INFORMATION PROVIDED.
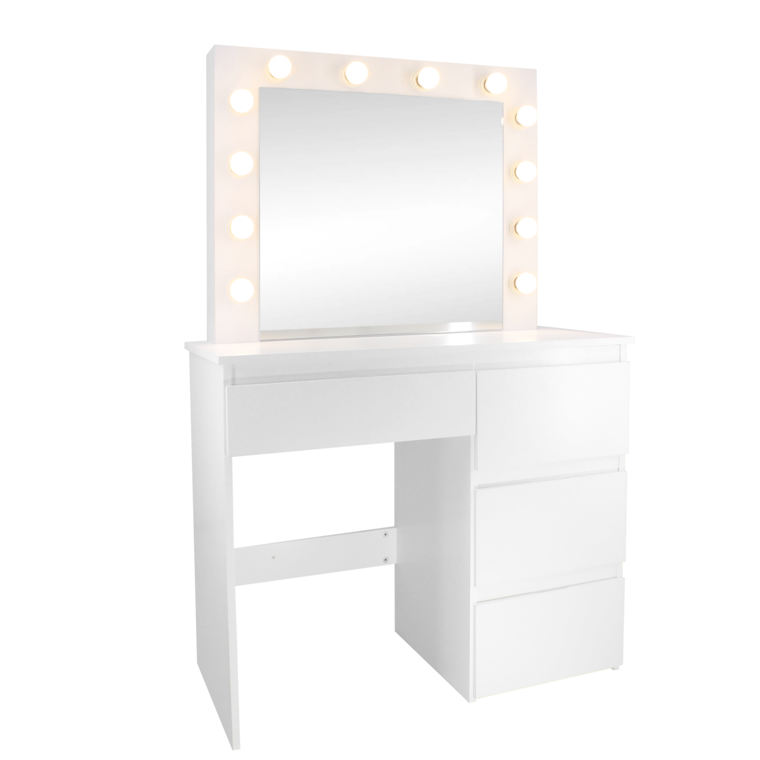 Biała toaletka z oświetleniem. Bardzo funkcjonalna i praktyczna. 4 pojemne szuflady pozwalają na przechowywanie sporej ilości kosmetyków czy biżuterii. Odpowiednio duże lustro i 12 ledowych lampek odpowiadają za wygodę użytkowania.
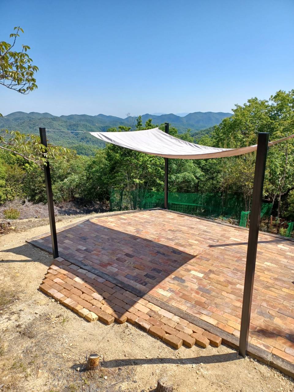 エクステリア工事のご紹介です♪ 2023/06/14 BBQスペースの工事のご紹介です♪ 有限会社 スローライフの工務部です❕ 別荘地のBBQスペースの工事のご紹介です☆彡 耐火レンガを敷いてコンロを作成していよいよ日除けの タープを取り付けてきました🎵 これで子供たちのプール遊びも楽しんでもらえると思います💪 夏休みがたのしみですね(^_-)-☆
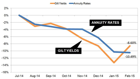 | Fig 1: Chart comparing annuity rates and 15-year gilt yields |
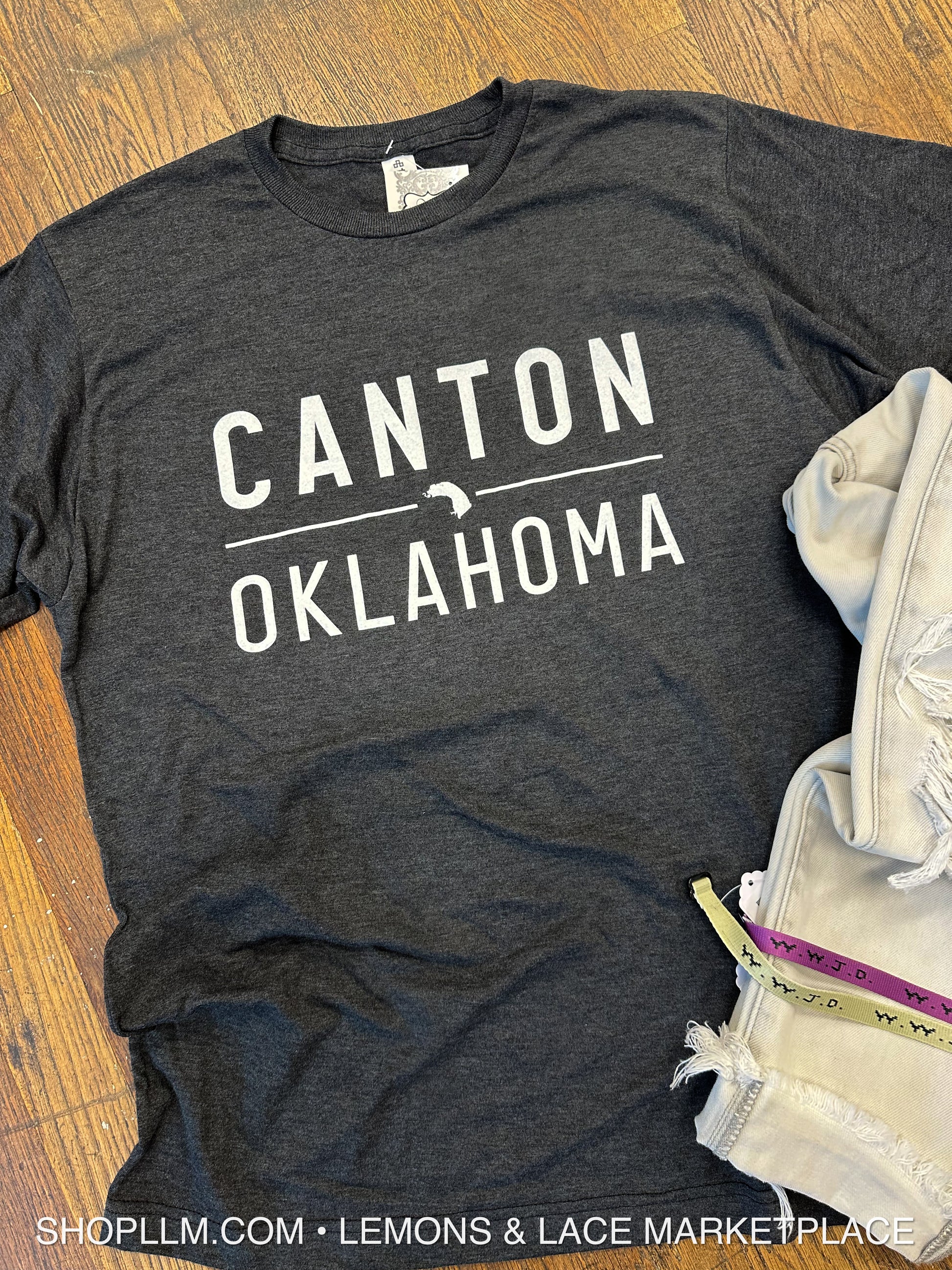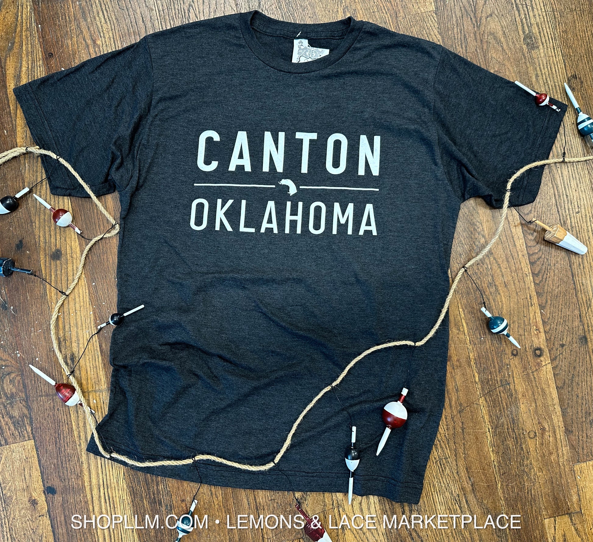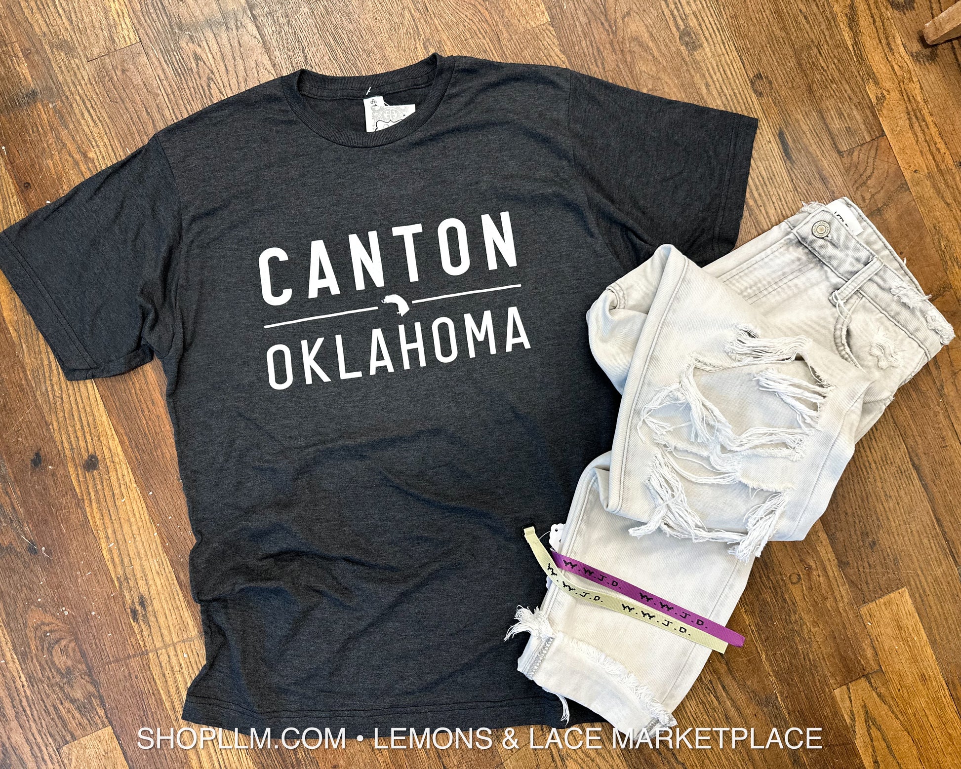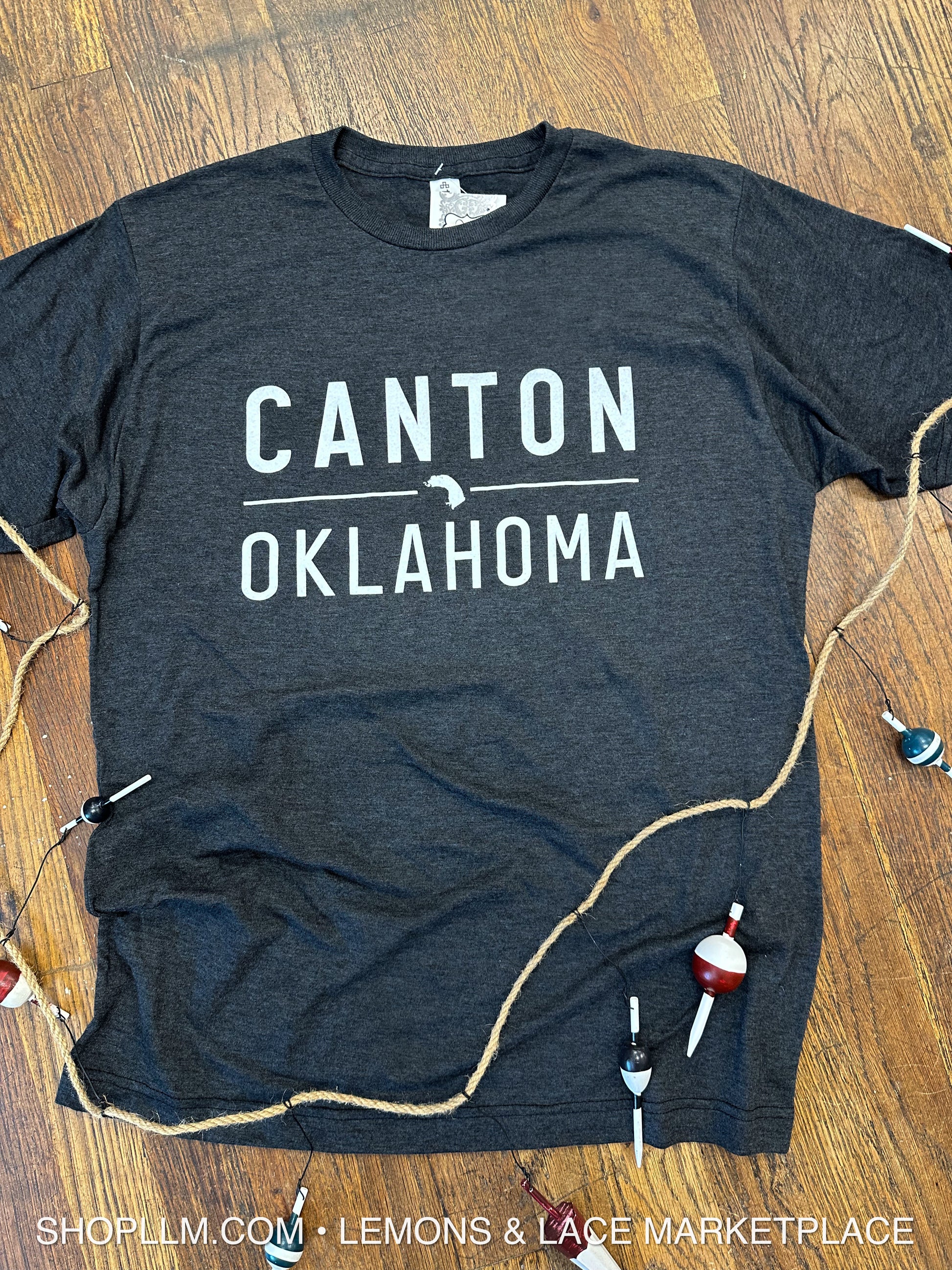 Unisex style tee with screen printed Canton Oklahoma in White. Small Canton Lake symbol in between the wording.

TO DO. Each line above should be output exactly, apart from the pictures.

ANSWER BOX.
 Biała toaletka z oświetleniem. Bardzo funkcjonalna i praktyczna. 4 pojemne szuflady pozwalają na przechowywanie sporej ilości kosmetyków czy biżuterii. Odpowiednio duże lustro i 12 ledowych lampek odpowiadają za wygodę użytkowania.
 エクステリア工事のご紹介です♪ 2023/06/14 BBQスペースの工事のご紹介です♪ 有限会社 スローライフの工務部です❕ 別荘地のBBQスペースの工事のご紹介です☆彡 耐火レンガを敷いてコンロを作成していよいよ日除けの タープを取り付けてきました🎵 これで子供たちのプール遊びも楽しんでもらえると思います💪 夏休みがたのしみですね(^_-)-☆
 | Fig 1: Chart comparing annuity rates and 15-year gilt yields |
 Unisex style tee with screen printed Canton Oklahoma in White. Small Canton Lake symbol in between the wording.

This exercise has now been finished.